Learn Fine Tuning And Transfer Learning for free with explanations, exercises, and a quick test (for Applied Scientist).

Published: January 7, 2026 | Updated: January 7, 2026

Why this matters

As an Applied Scientist, you rarely train models from scratch. You adapt strong pretrained models to your domain under constraints (limited labels, compute, and time). Transfer learning and fine-tuning let you:

  • Ship performant models fast by reusing learned representations.
  • Handle domain shift (e.g., generic language model to support tickets).
  • Reduce labeling needs with parameter-efficient techniques.
  • Control risk: avoid catastrophic forgetting and preserve general skills.
Real tasks you will face
  • Fine-tune a text encoder to classify support tickets into priority/intent.
  • Adapt an image model for your product catalog with only a few hundred labels.
  • Instruction-tune a small LLM with LoRA to answer domain FAQs safely.

Concept explained simply

Transfer learning = start from a model trained elsewhere; fine-tuning = adapt some or all of its weights to your task.
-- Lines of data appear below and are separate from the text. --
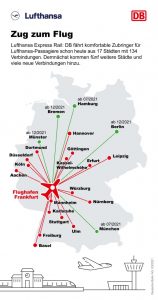 Attualmente sono 134 i treni giornalieri che attraverso la partnership Db-Lufthansa collegano l’aeroporto di Francoforte da 17 città tedesche. La Lufthansa Express Rail dal prossimo luglio aggiungerà al proprio network altre cinque città – Berlino, Amburgo, Brema, Münster e Monaco di Baviera – che saranno collegate attraverso servizi ad alta velocità con l’hub di Lufthansa; ed entro dicembre il numero delle tratte e della città coperte dal servizio, sarà incrementato. E’ la prima volta che i treni ad alta velocità “Sprinter” raggiungono l’hub tedesco.
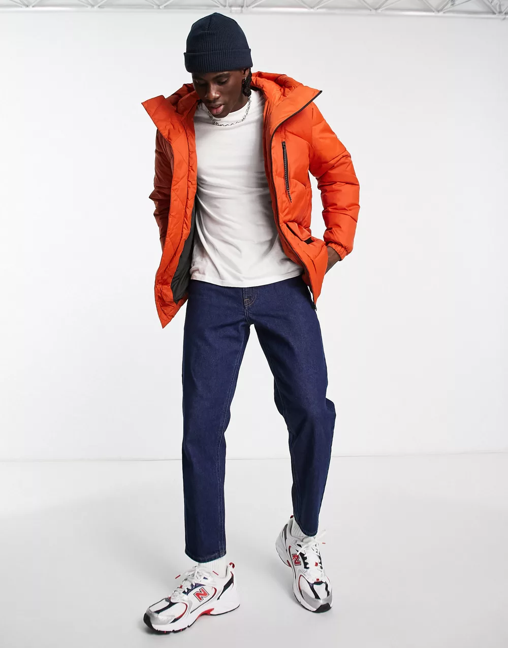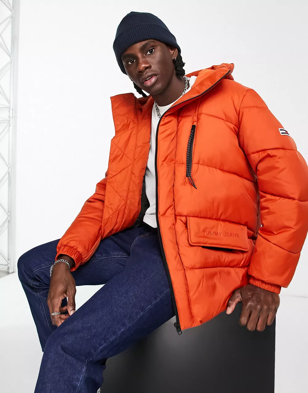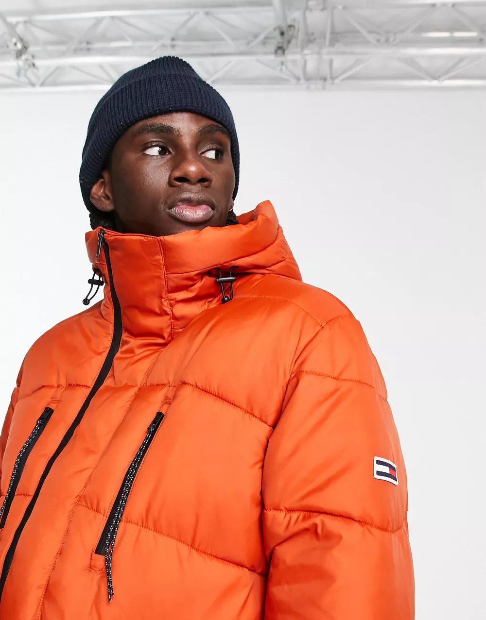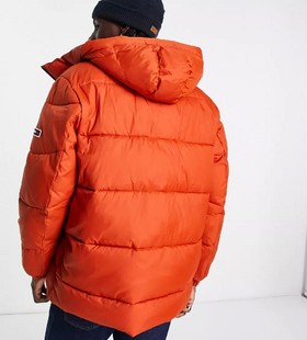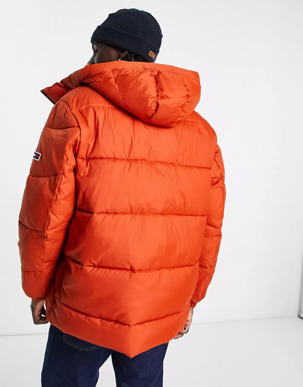 - Tommy Jeans asymmetric zip hooded puffer jacket in orange 2921110137-50
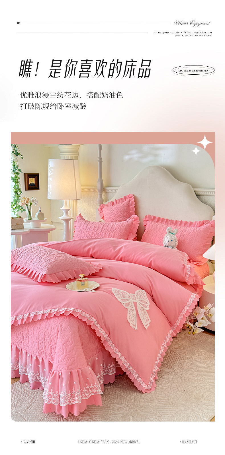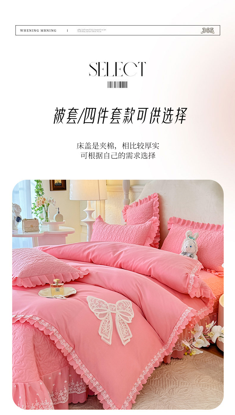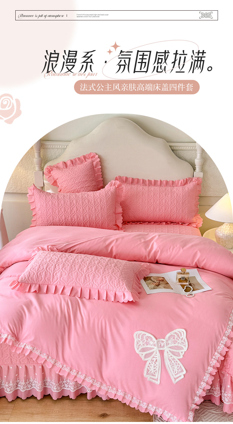 当前位置: 91家纺网 > 商品网购 > 床品套件 > 四件套 > 其它四件套 > 后庭寝室 2025新款法式公主风亲肤床盖四件套-蝶恋系列 蝶恋-粉玉
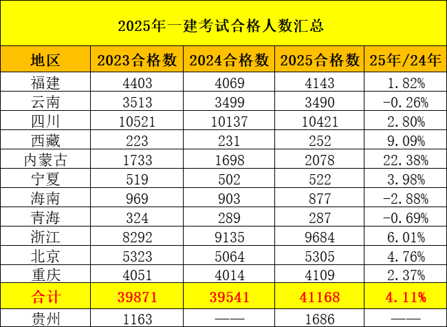 各地2025年一级建造师考试合格人员名单陆续公布,根据已经公布的11个地区统计来看,总共有41168人合格,相比去年增加了4.11%(增加了1627人),具体如下:
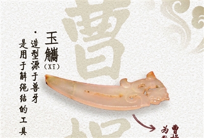 造型源于兽牙是用于解绳结的工具,也是曹操墓出土的为数不多的玉器。玉觿上可明显看出使用痕迹,专家推测,应为曹操常用物件。
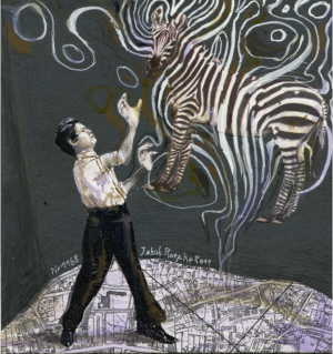 Following the surrealist tradition of Max Ernst and Giorgio de Chirico his tiny collages seem to reference the uncertainty and adversity of 21th century life; yet while the scenes hover between hopelessness and destruction, Roepke’s central figures always seem on the verge of tipping the fight in their favour.
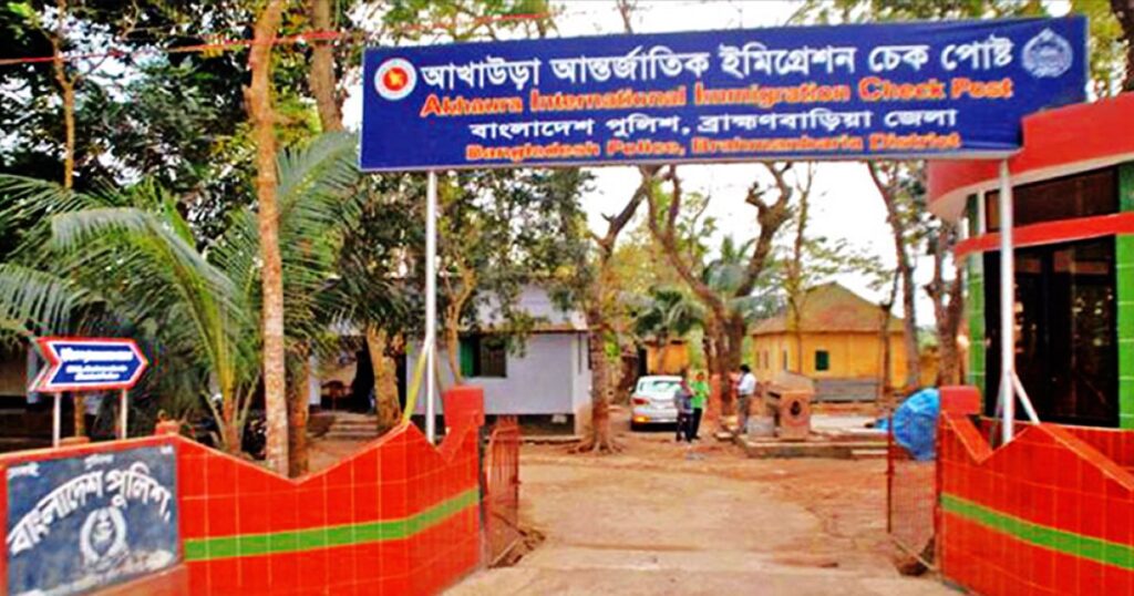 হিন্দু ধর্মাবলম্বীদের সবচেয়ে বড় ধর্মীয় উৎসব শারদীয় দুর্গাপূজা উদযাপনের জন্য আখাউড়া স্থলবন্দরে আগামী ৯ দিন পুরোপুরি বন্ধ থাকবে আমদানি ও রপ্তানি কার্যক্রম। তবে এতে ব্যাঘাত না ঘটিয়ে, স্থল শুল্ক স্টেশন ও ইমিগ্রেশন চেকপোস্টের কার্যক্রম স্বাভাবিকভাবে চালু থাকবে। এ সময় শুধুমাত্র পাসপোর্টধারী যাত্রী পারাপার নির্বিঘ্নে চলবে বলে সংশ্লিষ্ট কর্মকর্তারা আশ্বাস দিয়েছেন। শনিবার আখাউড়া স্থলবন্দরের মাছ রফতানিকারক অ্যাসোসিয়েশনের সাধারণ সম্পাদক মো. ফারুক মিয়া বলেন, শারদীয় দুর্গাপূজা ও লক্ষ্মীপূজা উপলক্ষে দুই দেশের ব্যবসায়ী সিদ্ধান্ত নিয়েছেন, আগামী সোমবার থেকে পরবর্তী মঙ্গলবার পর্যন্ত অর্থাৎ মোট নয় দিন সব ধরনের আমদানি-রপ্তানি বন্ধ থাকবে। তবে ৮ অক্টোবর বুধবার থেকে আবার নিয়মিত কার্যক্রম শুরু হবে। আখাউড়া স্থল শুল্ক স্টেশনের রাজস্ব কর্মকর্তা ওয়াহিদুজ্জামান খান জানিয়েছেন, বন্ধ থাকলেও কাস্টমসের কার্যক্রম স্বাভাবিকভাবে চলবে। পাশাপাশি যাত্রীদের সুবিধার্থে ইমিগ্রেশনের পরিষেবাগুলো নির্বিঘ্নে পরিচালিত হবে। অন্যদিকে, ইমিগ্রেশন চেকপোস্টের ইনচার্জ মোহাম্মদ আব্দুস সাত্তার বলেছেন, পূজা ও লক্ষ্মীপূজা উৎসবের কারণে ৯ দিন আমদানি-রপ্তানি বন্ধ থাকলেও যাত্রীরা ইমিগ্রেশন পাসপোর্ট ও ভিসার মাধ্যমে স্বাভাবিকভাবে পার হতে পারবে। প্রতিদিন সকাল ৮টা থেকে সন্ধ্যা সাড়ে ৬টা পর্যন্ত এই কার্যক্রম চলবে। উল্লেখ্য, দেশের অন্যতম বড় রপ্তানিমুখী আখাউড়া স্থলবন্দর দিয়ে ভারতের ত্রিপুরা রাজ্যের রাজধানী আগরতলায় প্রতিদিন বিভিন্ন পণ্য, যেমন মাছ, সিমেন্ট ও ভোজ্য তেল রফতানি করা হয়। এসব পণ্য দেশের উত্তর-পূর্বাঞ্চলের বিভিন্ন রাজ্যে সরবরাহ করা হয়।
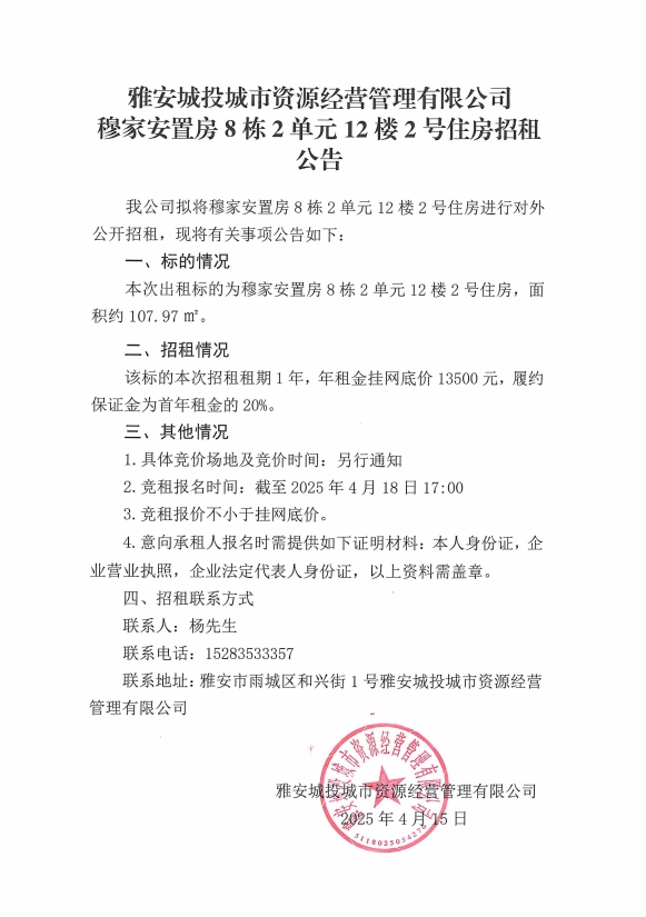 雅安城投城市資源經(jīng)營管理有限公司穆家安置房8棟2單元12樓2號住房招租公告
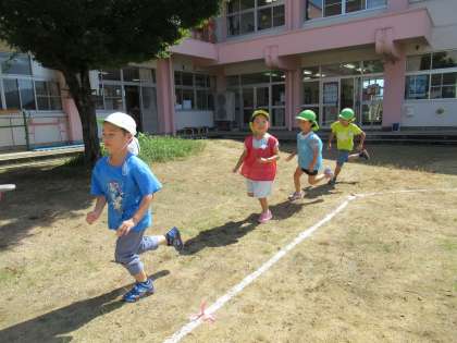 登園日2日目。「おはようございます」と元気に挨拶をして、部屋に入ってきました。登園した子から友達と協力して、競技に使う小道具づくりをしました。星を台紙に貼りながら「こっちにも貼ろう」「小さい星と大きい星を並べて貼ったらかわいいね」と話をしながらしていました。その後は園庭でリレー。久しぶりに走ったからかうまくバトンが渡せず、悪戦苦闘。トラックの周りを1周してから、改めてバトン渡しの練習をして2回目。良い勝負となり、園長先生からも「みんなで力を合わせると強くなれるよ」と教えてもらい、次への頑張りにつながりました。
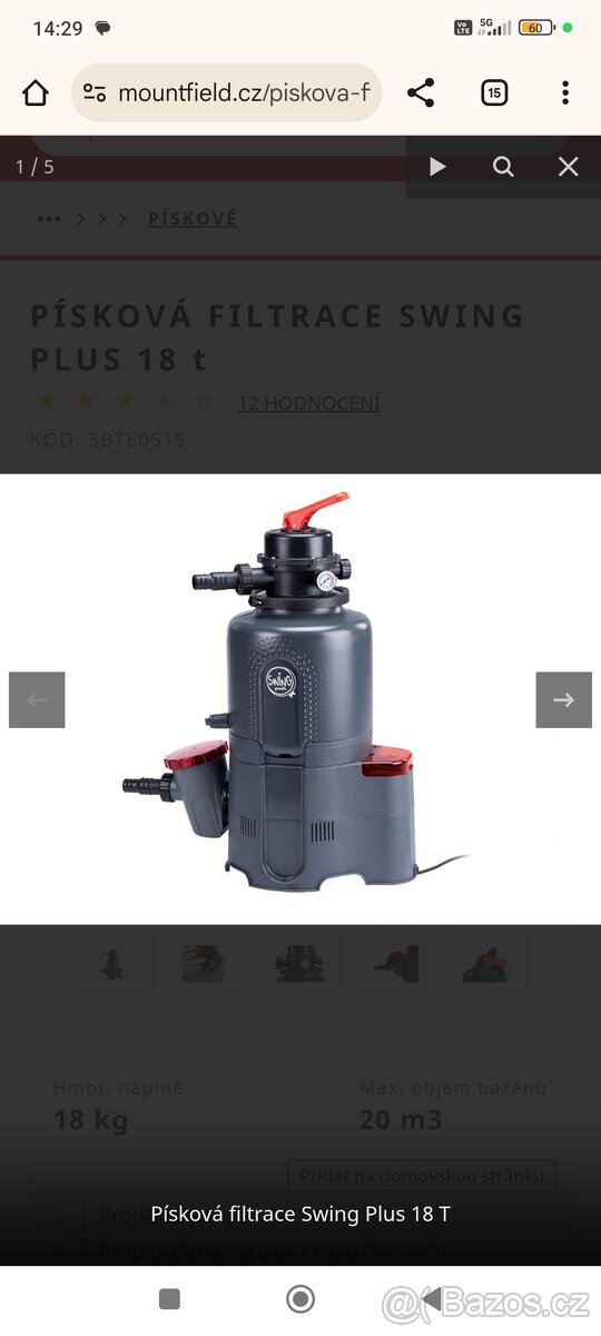 písková filtrace. Je to typ SWING PLUS 14 - nová - [26.11. 2025]písková filtrace. Je to typ SWING PLUS 14 - nová písková filtrace. Je to typ SWING PLUS 14. Je rozbalená, ale nepoužitá. Je pro nadzemní bazén. Původní cena 6 800,-, záruka je do 9.9.2026 Písková filtrace pro nadzemní bazény Návod k instalaci, údržb ...
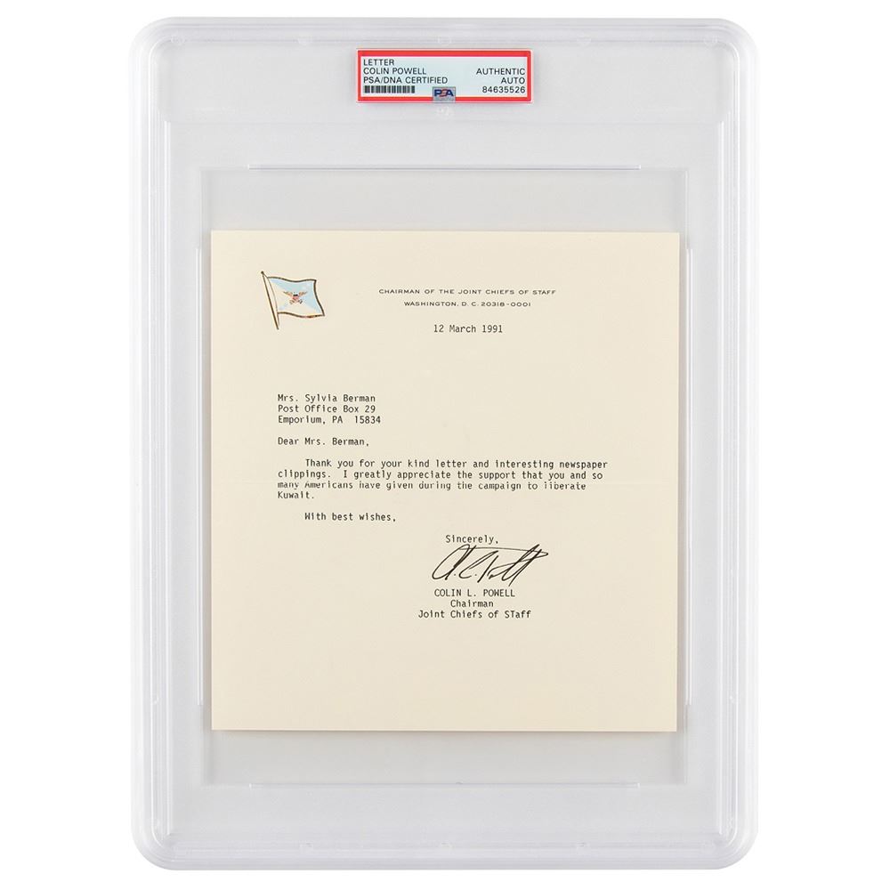 TLS signed “C. L. Powell,†one page, 7.25 x 7.75, Chairman of the Joint Chiefs of Staff letterhead, March 12, 1991. Letter to Sylvia Berman, in full: "Thank you for your kind letter and interesting newspaper clippings. I greatly appreciate the support that you and so many Americans have given during the campaign to liberate Kuwait." In fine condition. Encapsulated in a PSA/DNA authentication holder.
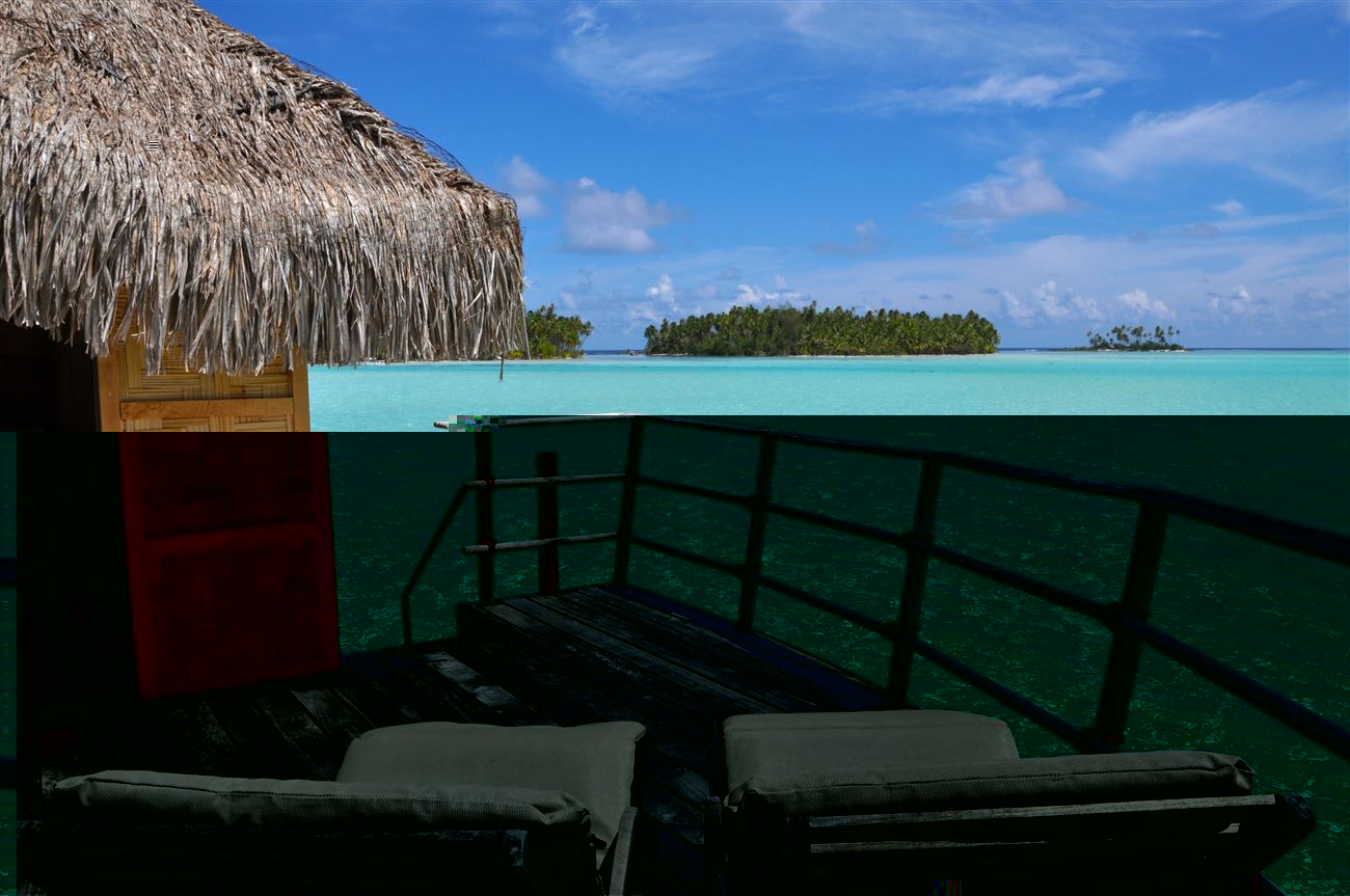 am Ende des Steges (4): Ausstattung wie Taha’ a Überwassersuite, jedoch mit unvergleichlichem 180°-Blick über die Lagune und die Hauptinsel Taha’ a.
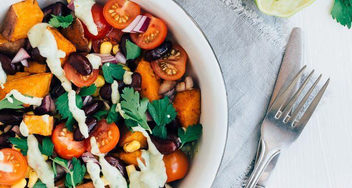 Goed, die Mexicaanse twist. Met wat maïs, kidneybonen en avocado kom je al een heel eind. Daarnaast gebruik ik graag komijn en chipotle als ik op de Mexicaanse tour ga. Dat laatste is een smokey peper en die is best pittig, gebruik dus niet teveel. Kan je dit niet vinden, dan kan je ook een beetje gerookt paprikapoeder gebruiken. Dat is Spaans, maar niemand die dat proeft. Ik heb de zoete aardappel even geroosterd, maar koken kan eventueel ook. Hoe kleiner je de blokjes snijdt, hoe eerder ze klaar zijn en des te sneller kan jij aan tafel. Dat vind ik altijd wel een plus voor een doordeweekse dag. Want uren in de keuken staan heeft niemand tijd voor na een lange dag werken. Ik wilde een romige dressing maken en de avocado is daarvoor een perfecte basis. Heerlijk bij elkaar!
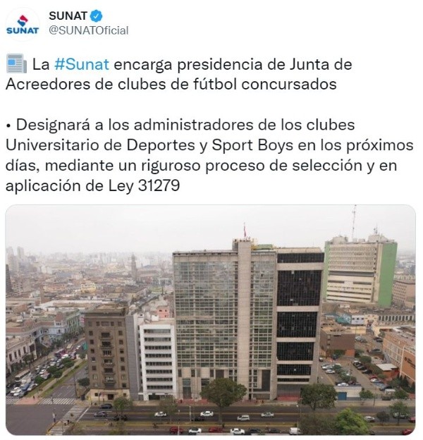 “La SUNAT designó hoy la presidencia provisional de la Junta de Acreedores de los clubes de fútbol profesional Universitario de Deportes y Sport Boys a los que aplica la Ley N° 31279, que regula el procedimiento concursal de apoyo a la actividad deportiva futbolística”, agregó la SUNAT en un comunicado emitido.
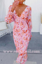 • Light up any room with the beautiful V Neck Long Sleeves Smocked Fairy Floral Mermaid Midi Dress! This dress features a bold floral pattern and elegant smocking detailing, perfect for special occasions. Feel beautiful and confident in this gorgeous dress; be admired, be noticed and be remembered!
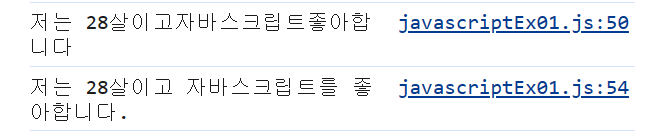 만일, 여러개를 한꺼번에 출력하기를 원한다면, 콤마를 사용해서 출력할 수 있고 예시)console.log(변수1,변수2,변수3);
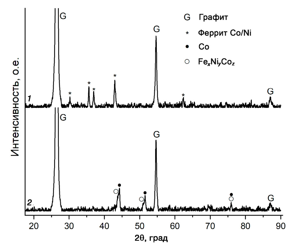 Термообработка смеси ОГ с нитратами Fe3+/Co2+/Ni2+ и меламином на воздухе приводит к образованию образца ПГ-FeCoNi-воздух, металлсодержащая фаза которого представлена, судя по всему, смешанным ферритом Co/Ni (рис. 3, дифрактограмма 1).

  • Feature extraction: freeze the backbone; train a small head on top.
  • Partial fine-tuning: unfreeze top N layers after the head stabilizes.
  • Full fine-tuning: update all layers (needs more data/compute).
  • Parameter-efficient fine-tuning (PEFT): add small trainable modules (e.g., adapters, LoRA, prompt/prefix tuning) and keep the base frozen.
Mental model

Imagine inheriting a polyglot brain. You first attach a small classifier (head) to check if it can already do your task. If not, you “open up” deeper layers slowly, using tiny learning rates so you don’t erase general knowledge. When compute is tight, you keep the big brain frozen and only train small add-ons (adapters/LoRA).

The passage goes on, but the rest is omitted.